Armstrong: We talked about "teaching power" in regard to this question: the number of faculty seats. Most faculty at other places would jump on the Provost's proposal for regular leaves. It is commendable that the faculty here is concerned about students. We suggest a measurement of courses per year per department to define our teaching power. Different departments deal with leaves differently: the Computer Science Department has a regular "floater." Others do fine with adjuncts. There will always have to be funds available for deans to hire somebody.

Watkinson: For chairs and program directors, we would call attention to number 6 in the Provost's proposal. We disliked the proposed reduction of pay by 25% for a one-year leave (i.e. a 75% pay leave rather than an 80% pay leave). We felt this 25% cut in pay was too onerous for junior faculty. Our teaching loads across the board are very much higher compared to our peer institutions.

Archibald: In support of Alan Fuchs's point, we have done a good job here. The Provost will have a chance to gather input.

Feiss: This draft FRA proposal would come back to you in January. It would respond to the Armstrong/Meese document. I can go to the Deans and ask, "What does this look like?"

Canuel: My faculty will want to know what constitutes a faculty.

Armstrong: We thought of tenure eligible faculty. Our thought was VIMS doesn't participate in this system. Our leave system here is a leave from teaching and administrative responsibilities.

Canuel: VIMS has been independent in granting leaves because it is supported by IDC (indirect costs). We would argue that we should be a part of this.

Feiss: "Growing the faculty" and eliminating IDC is expensive. There are important histories here with the various faculties. Some faculties for instance have received positions to make leaves possible.

Manos: The independent financial relationship with VIMS has a long history as well. If there would be a commingling of resources with VIMS that would be fine. I understand your concern about development and VIMS being left out.

Meese: Funding for increasing "faculty power" might come from tuition increase.

Feiss: We can't raise tuition and get any more money out of VIMS.

Clemens: Is "growing the faculty" (sic) pie-in-the-sky?

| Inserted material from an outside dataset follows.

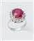 ANELLO CON RUBINO E DIAMANTI in oro bianco 18K, centrato da grande rubino...

Feiss: This becomes easier post-restructuring. We have probably the lowest student faculty ratio of any in the country consistent with our peer group. We're more like the poorest private school in the country. Some of this is balancing with faculty salaries. We do a very bad job in assessing what we do in support of undergraduate research, while we can more easily count PhDs and Masters Theses. We know that our faculty is heavily engaged in undergraduate research. If we can measure this, then we have a rationale for increasing the faculty. This would be a rationale to make to the board.

Manos: We have added 39 faculty since 1995 and 5.5 in continuing restricted positions.

Kulick: Where does this number come from?

There was general discussion about whether the faculty has grown since 1995 or not.

Feiss: I will bring a document with policies and procedures in it.

Evans: Is an 80% leave doable?

Feiss: This issue will not be a show-stopper.

Questions emerged about who would be research active.

Meyers: Regarding "research active," the guidelines would be reviewed by the Faculty Research Committee and must be compatible with a broad definition of 'research active'.

Virginia Torczon (Chair of Faculty Research Committee): What is appropriate is that departments come up with criteria for 'research active'. This should also include external grant activity.

Beers: Would the Faculty Assembly be defining this?

Meyers: I would like a department to have someone looking over the shoulder.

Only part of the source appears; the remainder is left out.